Premier: please explain how the new health deal meets our needs

NOV.22, 2016 FILE PHOTO Prime Minister Justin Trudeau meets with Bob McLeod, Premier of the Northwest Territories, in Ottawa on Tuesday, Nov. 22, 2016. McLeod says the provinces and territories are pushing to make health care spending a priority when they sit down next month with Trudeau. THE CANADIAN PRESS/Sean Kilpatrick

The Health and Social Services budget is the largest in the GNWT at $414 million for this fiscal year and – incredibly – it’s not enough to meet existing and future health needs. The NWT health and social services budget has been growing at an average of four per cent a year since 2011-2012. It’s a sad fact that it’s probably never going to be enough. And the new health care funding deal announced Tuesday isn’t going to make a huge difference to the bottom line.

Canada transfers health funding to provinces and territories calculated on a per capita basis. That’s an automatic disadvantage for northerners. Canada had been increasing the health transfer at a rate of six per cent a year but that rate ends March 31. Thanks to a decision by the previous federal government, beginning April 1, the Canada Health Transfer is going to drop to three per cent. Despite walking out of talks in December, saying Ottawa wasn’t offering enough, Premier Bob McLeod has now settled for a three per cent annual increase for the next ten years. That’s half of what we get today

Ottawa is offering some extras, but they are not going to make up the shortfall. There is $7.4 million targeted to health care infrastructure, and $6.1 million for mental health initiatives for youth. These amounts are totals for ten years. McLeod told CBC that there is going to be additional money for medical travel and innovation, extending a current bilateral agreement, but didn’t provide any other details.

In December, the Premier signaled a need for more cuts to keep up with spending. “I guess a decision will have to be made whether we take the money from other programs to pay for health care,” he told Yellowknifer. Where do we stand now? The premier hasn’t said, but there’s obviously going to be a need to find money for the forced growth in the health and social services budget from others sources, whether making cuts or increasing revenue. Anxious northerners want to know.

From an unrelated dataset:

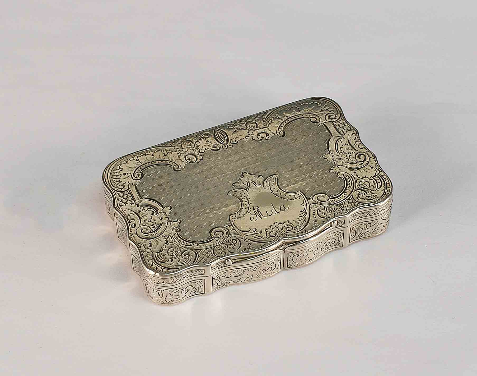 Tabacchiera in argento inciso a motivo floreale, XIX secolo, cm. 1,5x8,5x5,5, gr. 98.
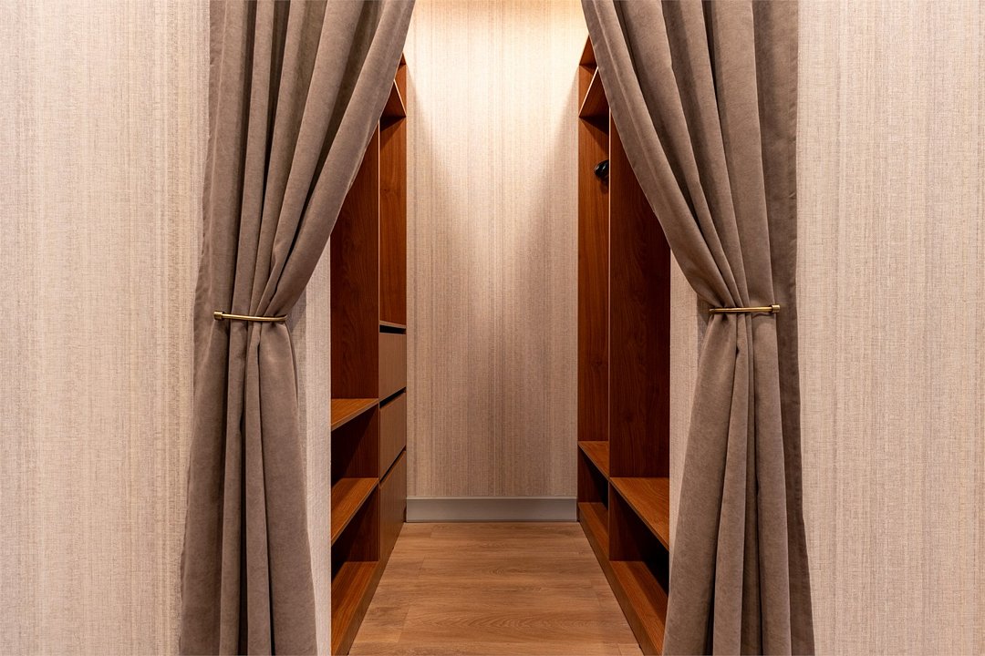 Интерьеры номеров выполнены в приглушенных оттенках серого или бежевого цветов с добавлением текстиля акцентного цвета (бордовый, пыльно-розовый, синий, фиолетовый, зеленый).

Health care is a hot button issue with voters, and rightly so. But as of today, the Premier hasn’t spoken to regular MLAs or local media about the new health deal. The GNWT hasn’t even issued a media release of its own on the deal. Contrast this approach to the hoopla that accompanied the announced federal funding for the road to Whati last week. Is the Premier not proud of deciding to walk back his commitment to negotiate with his colleagues on a national health deal rather than participate in a bilateral agreement? Is he not proud of the money he’s bringing to the territories for health care?

McLeod told CBC’s Power and Politics of the negotiations with Ottawa that “we got what we wanted and needed.” If that’s the case, Premier, tell us now how this health care deal is going to accomplish those goals because the math that’s public now doesn’t add up.